In this case, the claim forms submitted by plaintiff in support of its motion for summary judgment stated that the treating professional was an independent contractor and, in opposition to defendant's cross motion, plaintiff conceded that the services were rendered by an independent contractor. Contrary to plaintiff's contention, that defense is nonwaivable and not subject to the preclusion rule. As a result, the court properly denied plaintiff's motion for summary judgment and granted defendant's cross motion for summary judgment dismissing the complaint.
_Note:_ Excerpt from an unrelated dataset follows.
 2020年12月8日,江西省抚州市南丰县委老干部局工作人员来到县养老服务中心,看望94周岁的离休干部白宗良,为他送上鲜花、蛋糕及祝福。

NO-FAULT – MEDICAL PROVIDER SUIT – BUSINESS RECORDS – DOCUMENT RETENTION POLICY
First Aid Occupational Therapy, PLLC v. New York Cent. Mut. Fire Ins. Co.
(App. Term, 2nd Dept., decided 4/8/2008)

In First Aid Occupational Therapy, PLLC v. New York Cent. Mut. Fire Ins. Co., the court REVERSED the lower court's granting of plaintiff's motion for summary judgment, agreeing with defendant insurer that plaintiff provider had not made a prima facie showing because plaintiff failed to establish the admissibility of the claim forms annexed to its moving papers. " Inasmuch as the affirmation submitted by plaintiff's billing manager was insufficient to establish that she possessed personal knowledge of plaintiff's office practices and procedures so as to lay a foundation for the admission, as business records, of the documents annexed to plaintiff's moving papers, plaintiff failed to make a prima facie showing of its entitlement to summary judgment. The fact that copies of documents were stored in compliance with a document retention policy is not sufficient to establish that the documents were business records in the absence of a showing as to how and when the documents were generated (see CPLR 4518). "
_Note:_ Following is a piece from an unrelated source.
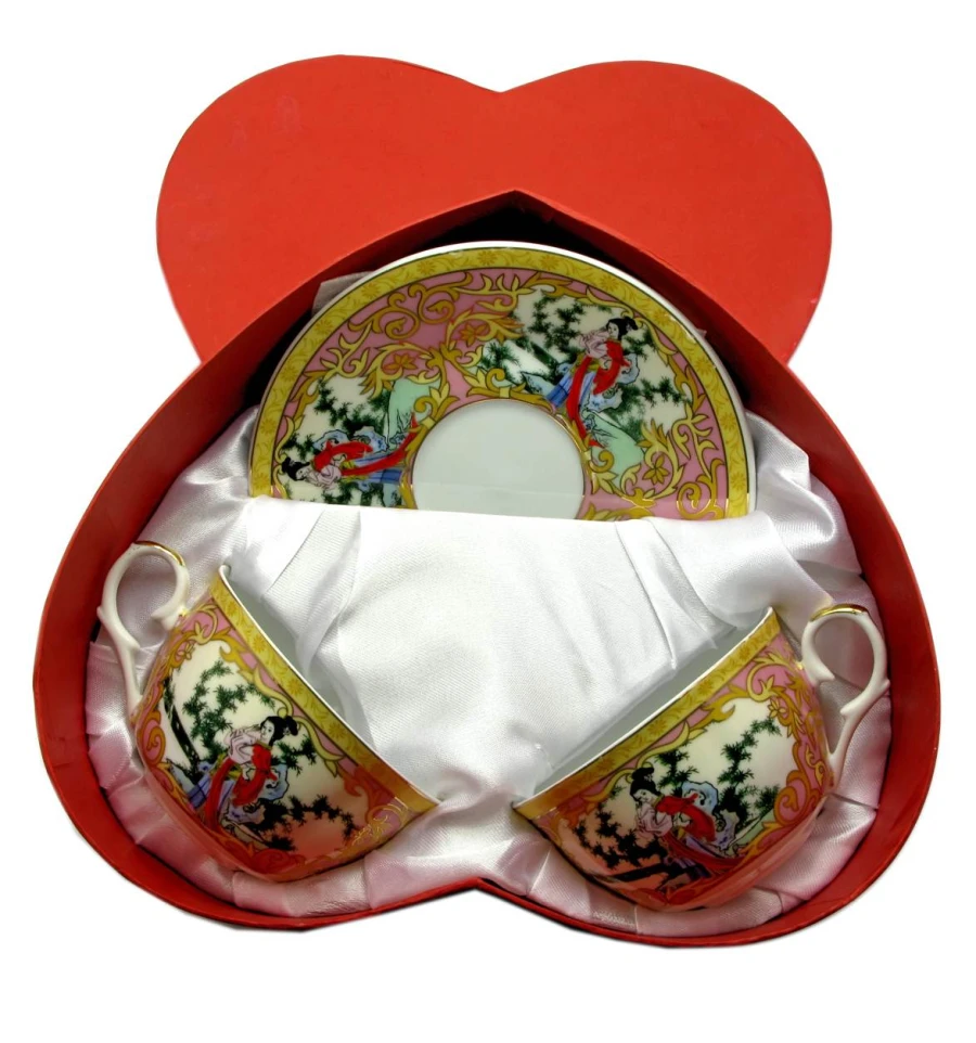 Сервиз фарфор (2JBS111-8) 2 чашки +2 блюдца «Девушка» (210 мл) (h-6 см купить в интернет магазине подарков ПраздникШоп

NO-FAULT – MEDICAL PROVIDER SUIT – PRIOR INJUNCTION
A.T. Med., P.C. v. State Farm Ins. Co.
(App. Term, 2nd Dept., decided 4/24/2008)

In A.T. Med., P.C. v. State Farm Ins. Co., the court REVERSED and vacated the lower court's order granting plaintiff's motion for summary judgment. State Farm demonstrated on appeal that in a separate action brought by State Farm against various health care providers including the plaintiff, Nassau County Supreme Court had enjoined the providers from commencing suit against State Farm to recover no-fault benefits during the pendency of that action. State Farm successfully argued that plaintiff's summary judgment motion in this action, therefore, was improperly made, the Appellate Term agreeing that the injunction barred the motion.

NO-FAULT – MEDICAL PROVIDER SUIT – ILLEGIBLE PEER REVIEW REPORTS
Boris Kleyman, P.C. v. Kemper Ins. Co.
(App. Term, 2nd Dept., decided 4/24/2008)

In Boris Kleyman, P.C. v. Kemper Ins. Co., the court REVERSED the lower court's order denying plaintiff provider's motion for summary judgment. The peer review reports submitted by Kemper in support of its defense that the services rendered were not medically necessary were illegible. Thus, the Appellate Term held that Kemper failed to demonstrate the existence of a triable issue of fact as to medical necessity.